# Is the set of permutations in $S_{36}$ that move at most 4 elements a subgroup of $S_{36}$?

I am truly lost as to what this problem is asking. I did post this on another forum and received what my have been wonderful advice. However, even after multiple hours and many "Google" searches I am still confused. Please anyone....

The problem states: If $\sigma$ is a permutation of a set $A$, we say that $\sigma$ moves $a\in A$ iff $\sigma(a)\neq a$.

For the symmetric group $S_{36}$ of all permutations of 36 elements, let $H$ be a subset of $S_{36}$ containing all permutations that move no more than four elements. Is $H$ a subgroup of $S_{36}$? Prove.

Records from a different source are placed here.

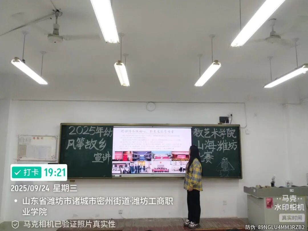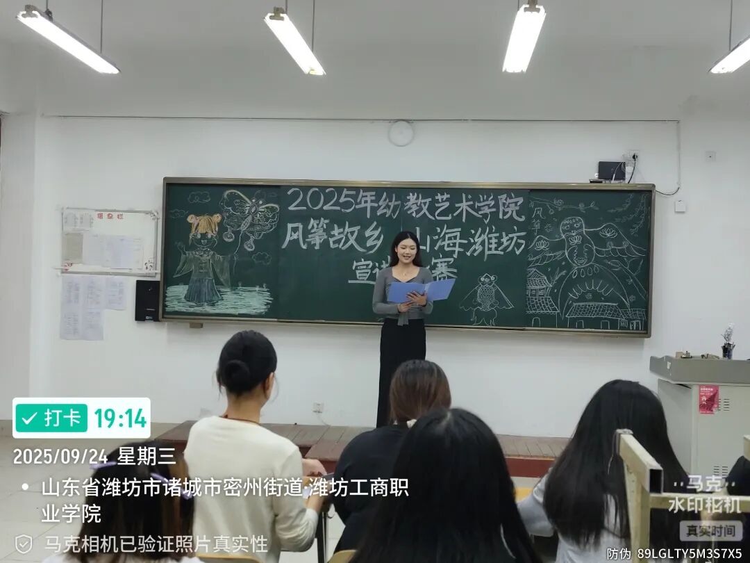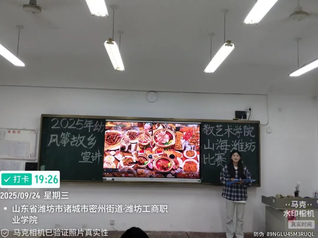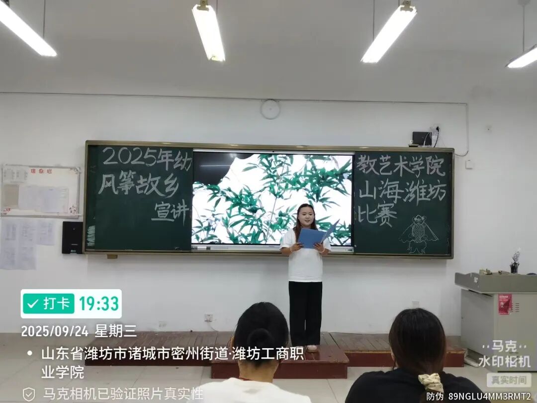 本次“风筝故乡 山海潍坊”主题演讲比赛,吸引了来自幼教艺术学院各个专业、不同班级的众多优秀学子踊跃参与,参赛选手们从多个维度展现了潍坊的城市魅力,比赛中,选手们充分利用PPT、音频、视频等多媒体手段,全方位宣讲潍坊的文化传承、自然景观和城市发展。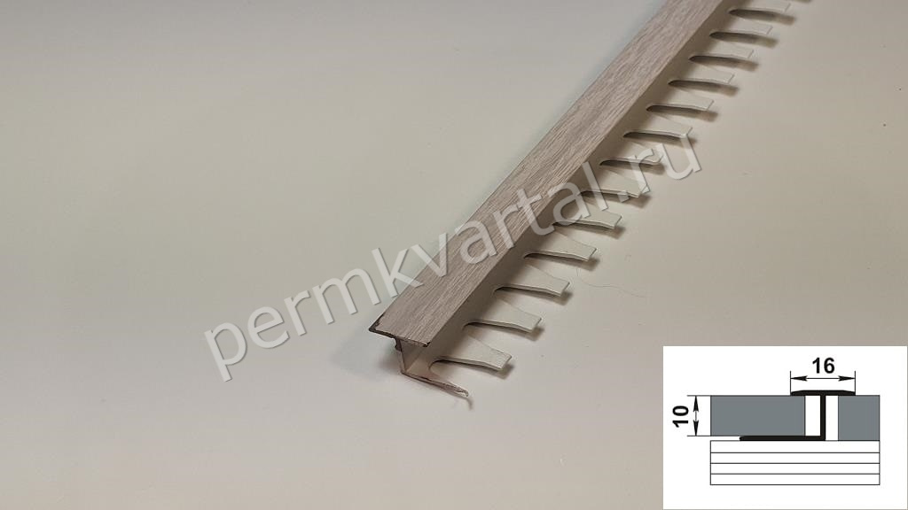 ЛУКА.Порожек стыкоперекрывающий гнущийся.Ясень белый, 2700х16х10мм, (ДК)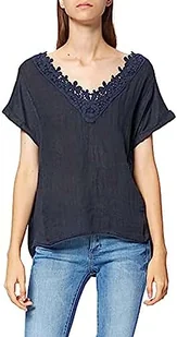 Bonateks, Sznurowany top z dekoltem w serek i krótkimi rękawami, 100% len, rozmiar DE:38, rozmiar US:M, topy, granatowe - wyprodukowano we Włoszech, niebieski, 38

I am not looking for an answer but more an explanation of what the problem is saying. I do not know what "move no more than four elements" means. I am feeling really stupid. Any help appreciated.

## 2 Answers

Let's look at $S_3$ instead. There are six permutations: $\left(\begin{array}{ccc} 1 & 2 & 3 \\ 1 & 2 & 3 \end{array}\right)$, $\left(\begin{array}{ccc} 1 & 2 & 3 \\ 1 & 3 & 2 \end{array}\right)$, $\left(\begin{array}{ccc} 1 & 2 & 3 \\ 2 & 1 & 3 \end{array}\right)$, $\left(\begin{array}{ccc} 1 & 2 & 3 \\ 2 & 3 & 1 \end{array}\right)$, $\left(\begin{array}{ccc} 1 & 2 & 3 \\ 3 & 1 & 2 \end{array}\right)$, and $\left(\begin{array}{ccc} 1 & 2 & 3 \\ 3 & 2 & 1 \end{array}\right)$.

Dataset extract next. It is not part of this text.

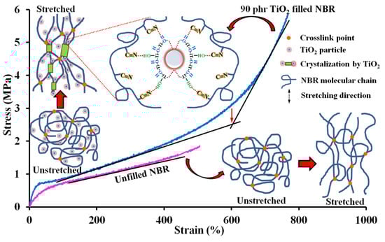 Figure 3 displays the stress–strain curves of the NBR composites. Pure NBR exhibited the lowest stress–strain curve with elongation at break ~550%, and without self-reinforcing behavior due to the irregular random copolymer structure, leading to insufficient mechanical properties []. It was found that the stress steadily increased with applied strain and then escalated sharply for TiO2-filled NBR composites. The abrupt increase in stress was observed at a high strain (>500% strain), especially with 90 phr TiO2 content, as opposed to the unfilled NBR composite that did not show strain-induced crystallization. The strain at the onset of the stress upturn corresponded to the onset of crystallization []. In the presence of TiO2, stronger chain alignment in the strain direction was caused by the additional crosslinks created by filler–rubber interactions [], as seen in Scheme 2. This corroborates that the NBR molecular chain orientation was assisted by TiO2 particles, to perform interfacial crystallization during stretching. Moreover, TiO2-filled NBR composites showed an increased slope of the stress–strain curve compared to pure NBR, indicating stiffening. This matches the responses in MH and hardness discussed earlier.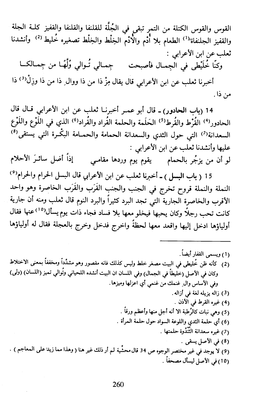 14 (باب الحادور) - قال أبو عمر أخبرنا ثعلب عن ابن الأعرابي قال قال الحادور (¬4) القُرْط والقُرط (¬5) الحَلَمة والحلمة القُراد والقُراد (¬6) الذي في اللَوْع واللَوْع السعدانة (¬7) التي حول الثدي والسعدانة الحمامة والحمامة البكْرة التي يستقى (¬8) عليها وأنشدنا ثعلب عن ابن الأعرابي:

$\left(\begin{array}{ccc} 1 & 2 & 3 \\ 1 & 2 & 3 \end{array}\right)$ moves no elements. $\left(\begin{array}{ccc} 1 & 2 & 3 \\ 1 & 3 & 2 \end{array}\right)$, $\left(\begin{array}{ccc} 1 & 2 & 3 \\ 3 & 2 & 1 \end{array}\right)$, and $\left(\begin{array}{ccc} 1 & 2 & 3 \\ 2 & 1 & 3 \end{array}\right)$ move two elements. $\left(\begin{array}{ccc} 1 & 2 & 3 \\ 3 & 1 & 2 \end{array}\right)$ and $\left(\begin{array}{ccc} 1 & 2 & 3 \\ 2 & 1 & 3 \end{array}\right)$ move three elements. Just look at how many are left where they started. With Arturo's answer, you should be on your way.

• @Ross Millikan: Oops: our notations just collided; I'm using cycle notation, you are using abbreviated 2-line notation... I just added a coda to my answer to clarify that. – Arturo Magidin Dec 14 '10 at 22:19
• @Arturo Magadin: Right you are. I though spelling it out this way would help OP, but didn't look at the notation closely enough. – Ross Millikan Dec 14 '10 at 22:38
• @Ross: Actually, I was adding the cycle notation while you were editing, so it was not lack of observation on your part. – Arturo Magidin Dec 15 '10 at 0:57
• @Arturo Magadin: I think we are in synch now. – Ross Millikan Dec 15 '10 at 1:02
• @Ross: Except for the spelling of my last name, anyway. (-; – Arturo Magidin Dec 15 '10 at 1:04

Imagine you have 36 volumes of an encyclopedia in front of you. A permutation $\sigma\in S_{36}$ is a set of instructions of how to swap positions of the volumes of that encyclopedia. For instance, the permutation $\sigma=(1,2,3,4)$ (this is cycle notation: it says element 1 is sent to element 2, element 2 is sent to element 3, 3 to 4, and 4 to 1; if you are used to two-line or abbreviated two-line notation, then this is the permutation that has $$\left(\begin{array}{cccccccc} 1 & 2 & 3 & 4 & 5 & 6 & \cdots & 36\\ 2 & 3 & 4 & 1 & 5 & 6 & \cdots & 36 \end{array}\right).$$ as its two-line description) tells you to take volumes $1$ through $4$, and move volume $1$ to the second position, volume $2$ to the third position, volume $3$ to the fourth position, and volume $4$ to the first position. Even though $\sigma$ is a permutation of all 36 volumes, in fact you only need to move four of the volumes to perform the permutation $\sigma$. So we say that $\sigma$ fixes 32 volumes (volumes 5 through 36 are left untouched) and moves 4 volumes (volumes 1 through 4).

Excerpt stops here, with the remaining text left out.